Я сажусь в кресло, беру «Niirnberger Freie Presse» — конечно, там ни строчки Отто Кернера, вундеркинда, возникшего и исчезнувшего в 1914 году, — и делаю вид, что не обращаю на нее внимания.
— Мама прислала шампанское, Кэте поставила его в лед. Они придут попозже. Мои родители живут в квартире над нами. Я перелистываю газету.
— Сегодня я ходила к доктору Гольдвассеру. Я не поднимаю глаз.
— По поводу твоих знаменитых мигреней?
— Тото, посмотри на меня. У меня такая новость! Я раздраженно откладываю «NFP».
Она скромно смотрит на свои руки, сложенные на коленях, но исподлобья бросает на меня лукавый взгляд.
— Доктор Гольдвассер сказал, что аист уже летит. — Она поднимает голову, глаза у нее сияют, щеки горят. — Тото, Тото, у нас будет ребенок, мальчик, я знаю, что будет мальчик, я чувствую!
Как передать счастье этой минуты, восторг!
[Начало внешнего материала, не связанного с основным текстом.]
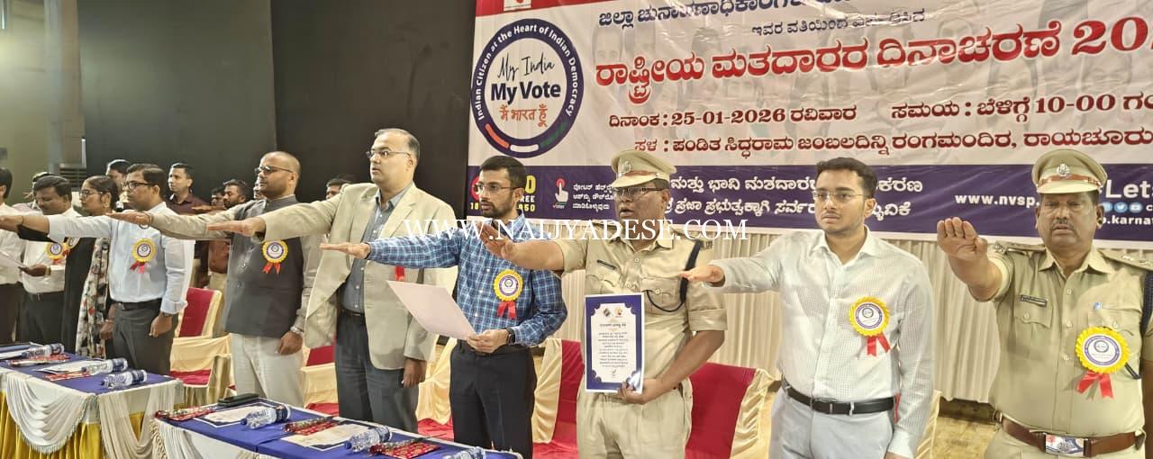 ರಾಯಚೂರು ಜನವರಿ 25 (ಕರ್ನಾಟಕ ವಾರ್ತೆ): ಇಲ್ಲಿನ ಜಿಲ್ಲಾಡಳಿತದಿಂದ ಭಾರತ ಚುನಾವಣಾ ಆಯೋಗದ ಸಹಯೋಗದಲ್ಲಿ ಜನವರಿ 25ರಂದು ರಾಷ್ಟ್ರೀಯ ಮತದಾರರ ದಿನಾಚರಣೆ ಕಾರ್ಯಕ್ರಮವು ನಗರದ ಪಂಡಿತ ಸಿದ್ಧರಾಮ ಜಂಬಲದಿನ್ನಿ ರಂಗಮಂದಿರದಲ್ಲಿ ನಡೆಯಿತು.

У меня распирает грудь. Я вскакиваю и бросаюсь обнимать ее…
* * *
Неужели все было так? Возможно ли это? Прошлое иногда представляется нам в розовом свете. Памяти нельзя доверять. Ну и пусть: я это так помню.
33
Неделя траура по Науму Липшицу приближается к концу, и, прежде чем возобновилась репетиционная суета, я ухвачу за чуб этот мимолетный миг вынужденной праздности и, как обещал вначале, открою вам происхождение слова «Дада».
Чтобы купить какую-нибудь унцию табака или кило колбасы, порой приходилось пригнуться и по-тараканьи перебегать улицу. А там лежали тела, человеческие тела, поливавшие живой кровью мостовую. Где-то нестерпимо воняло убитыми лошадьми. Полицейские бегали кругами, свистели и были бессильны. В вакуум распадавшейся империи ринулись тьмы недовольных; митинги, сходки, марши, демонстрации протеста; тут — солдатский совет, там — рабочий совет, профсоюзы, лоялис-ты, анархисты, коммунисты, — город на грани хаоса.
То была плодородная почва для Дада; Хюльзенбек, мой старый знакомец по Цюриху, вернулся в Берлин в начале 1917 года и возглавил нарождающееся дада-истское «правительство». К тому времени, когда я вернулся — без гроша, с поджатым хвостом, после бесславного романа со швейцарской окололитературной музой, повинуясь требованию отца и назойливым увещеваниям матери, — «Бомба Дада», как назвал ее впоследствии Арп, уже взорвалась.
С Дада в Германии я, разумеется, никаких дел не имел. А тон дадаистов обрел здесь такую резкость, что цюрихское Дада уже представлялось ручным, домашним. Если в Цюрихе дадаисты по-детски играли в политику, то в Германии они погрузились в нее сладострастно: они глотали политику, они плевались политикой. В Цюрихе они только расшатывали основы Порядка; в Германии же Порядок был разрушен до основания. Всему этому я, по своему характеру и по обстоятельствам моей жизни, был чужд.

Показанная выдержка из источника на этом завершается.